On Thu, 2020-12-03 at 14:39 +0100, Sebastian Andrzej Siewior wrote:
> On 2020-12-03 09:18:21 [+0100], Mike Galbraith wrote:
> > On Thu, 2020-12-03 at 03:16 +0100, Mike Galbraith wrote:
> > > On Wed, 2020-12-02 at 23:08 +0100, Sebastian Andrzej Siewior wrote:
> > > Looks like...
> > >
> > > d8f117abb380 z3fold: fix use-after-free when freeing handles
> > >
> > > ...wasn't completely effective...
> >
> > The top two hunks seem to have rendered the thing RT tolerant.
>
> Yes, it appears to. I have no idea if this is a proper fix or not.
> Without your write lock, after a few attempts, KASAN says:
>
> | BUG: KASAN: use-after-free in __pv_queued_spin_lock_slowpath+0x293/0x770
> | Write of size 2 at addr ffff88800e0e10aa by task kworker/u16:3/237

Things that make ya go hmmm...

I started poking at it thinking ok, given write_lock() fixes it, bad
juju must be happening under another read_lock(), so I poisoned the
structure about to be freed by __release_z3fold_page() under lock, and
opened a delay window for bad juju to materialize, but it didn't, so I
just poisoned instead, and sprinkled landmines all over the place.

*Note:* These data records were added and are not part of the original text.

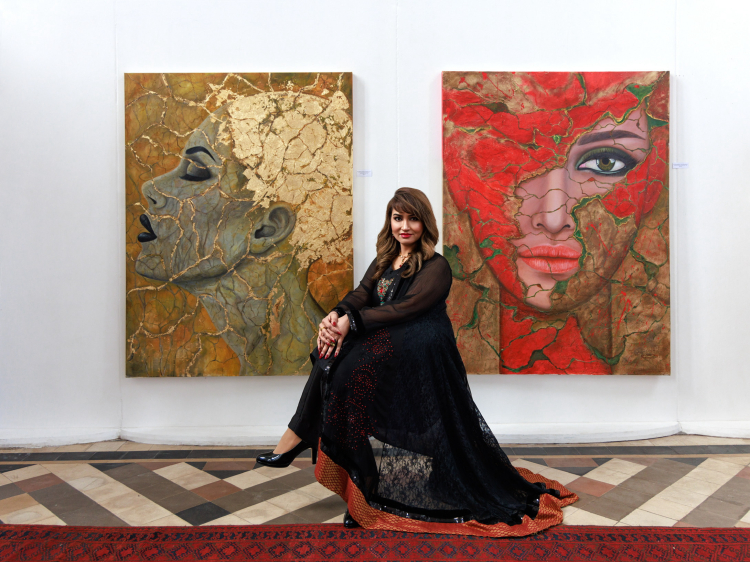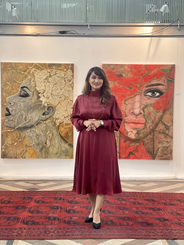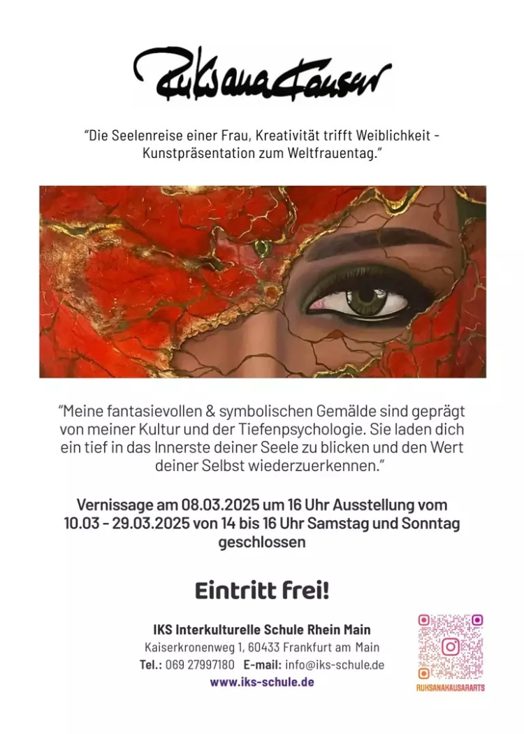 Pakistan doğumlu Frankfurtlu ressam Ruksana Kausar’ın ‘Bir Kadının Ruhsal Seyahati. Kadınlık ve Yaratıcılığın Buluşması’ başlıklı sergisi de sanatçının kendi kültürel kökenleri ve ruhsal derinliklerinden esinlenen sembolik kadın figürlerinden oluşuyor.
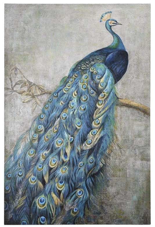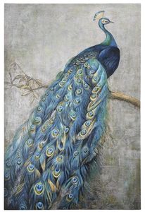 Refined elegance meets eye-catching vibrancy with this hand painted peacock. Stunning shades of turquoise, green, and yellow are painted on burlap then applied to hardboard. This piece features light texture detailing.Read More
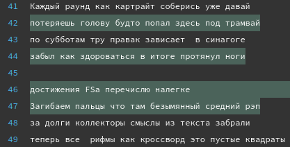 >>1019042 Все правильно ты пишешь. Чтобы что-то хорошее написать, иногда нужно посидеть. Это здесь калосоздатели за 5 минут клепают приколы. Хотя я, бывает, что-то неплохое могу за день или два написать, дальше уже вытачиваю. Иногда просто нужно сесть, написать хуйню, а потом трезвыми глазами посмотреть, где-то исправить, где-то подпилить. По такой технике тоже пацаны мутят треки. Вон, как Славик КПСС говорил во вьюхе. Грит, я тупа встал, похавал, попалил новости и за микрофончик часа на 3 фристайлить, лол.

My landmines are not triggering but the detonator is materializing
inside the structure containing the lock we explode on.  Somebody
blasts a recycled z3fold_buddy_slots into ram we were working on?

crash> bt -sx
PID: 11850  TASK: ffff933ee67f2280  CPU: 1   COMMAND: "swapoff"
 #0 [ffffa7bf4e7f3900] machine_kexec+0x16e at ffffffff8405f86e
 #1 [ffffa7bf4e7f3948] __crash_kexec+0xd2 at ffffffff8414c182
 #2 [ffffa7bf4e7f3a08] crash_kexec+0x30 at ffffffff8414d370
 #3 [ffffa7bf4e7f3a18] oops_end+0xca at ffffffff8402680a
 #4 [ffffa7bf4e7f3a38] no_context+0x14d at ffffffff8406d7ed
 #5 [ffffa7bf4e7f3a98] exc_page_fault+0x2b8 at ffffffff848bdb88
 #6 [ffffa7bf4e7f3af0] asm_exc_page_fault+0x1e at ffffffff84a00ace
 #7 [ffffa7bf4e7f3b78] mark_wakeup_next_waiter+0x51 at ffffffff840ea141
 #8 [ffffa7bf4e7f3bd8] rt_mutex_futex_unlock+0x4f at ffffffff848c93ef
 #9 [ffffa7bf4e7f3c18] z3fold_zpool_free+0x580 at ffffffffc0f37680 [z3fold]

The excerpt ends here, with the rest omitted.